Supplied material
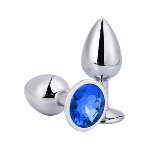 PLUG ANAL METAL CROMADO C/ PEDRA AZUL GRANDE
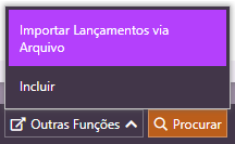 Na tela de Movimentação Contábil, clique em Outras Funções e, em seguida, em Importar Lançamentos via Arquivo.
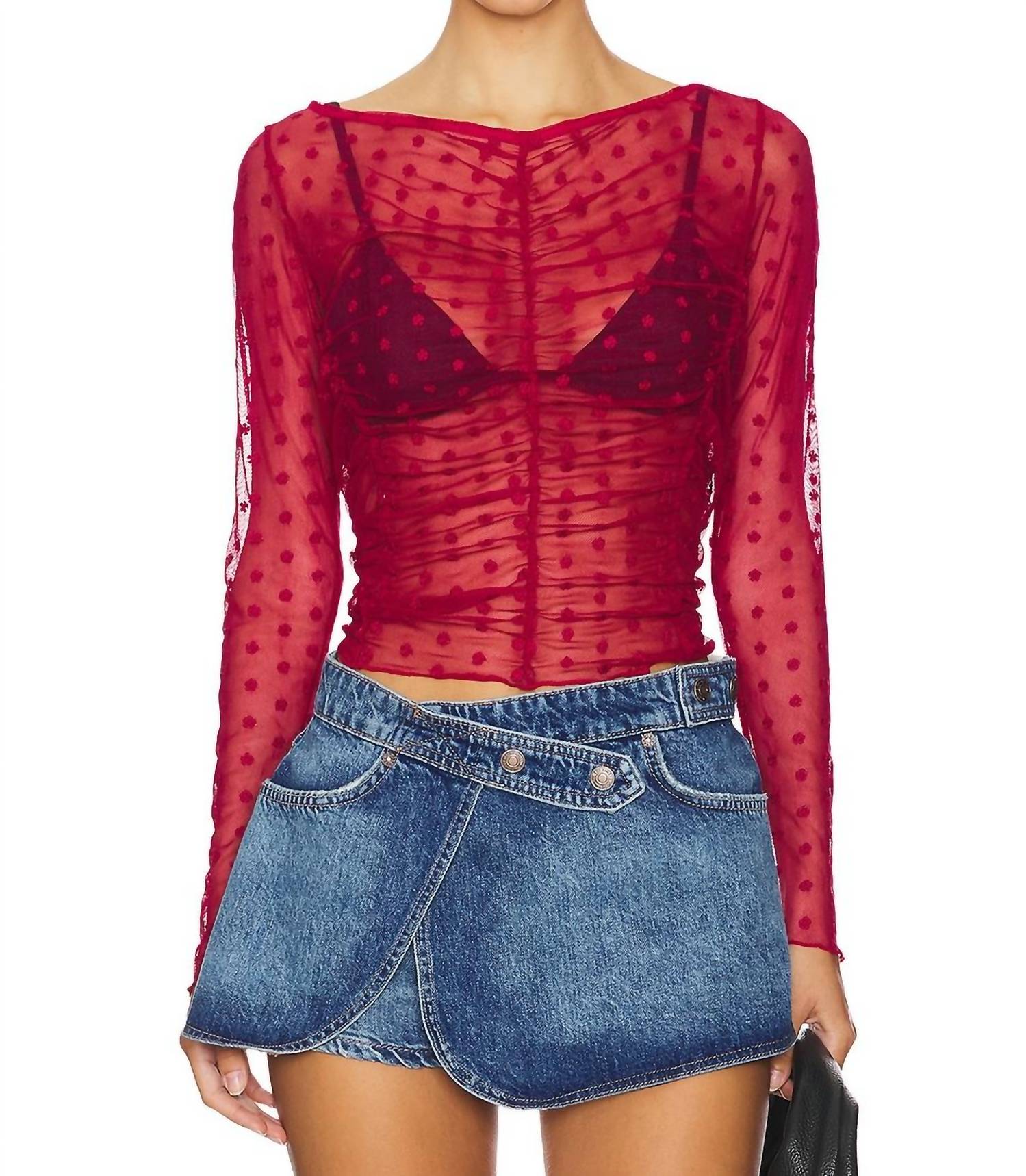 The perfect long sleeve tee that goes with just about anything. Introducing the Most Likely Layering Top by Free People, styled with a delicate Glass Roses hue for a boho chic vibe. This women's top features sheer long fitted sleeves with ruched detailing and lettuce-edge trim, all beautifully accented with embroidered daisies. Crafted from 100% textured nylon, it offers a comfortable pull-on closure and elegant boatneck design. Care: Dry clean only. Perfect for a vacation or holiday occasion, it pairs effortlessly with your favorite bralette and jeans for an easygoing yet stunning look.

Instructions for the task
Once the line containing "Na tela de Movimentação" has been found, write out exactly that line and each one after it through the end of the data, leaving out every picture.

Answer section
 Na tela de Movimentação Contábil, clique em Outras Funções e, em seguida, em Importar Lançamentos via Arquivo.
 The perfect long sleeve tee that goes with just about anything. Introducing the Most Likely Layering Top by Free People, styled with a delicate Glass Roses hue for a boho chic vibe. This women's top features sheer long fitted sleeves with ruched detailing and lettuce-edge trim, all beautifully accented with embroidered daisies. Crafted from 100% textured nylon, it offers a comfortable pull-on closure and elegant boatneck design. Care: Dry clean only. Perfect for a vacation or holiday occasion, it pairs effortlessly with your favorite bralette and jeans for an easygoing yet stunning look.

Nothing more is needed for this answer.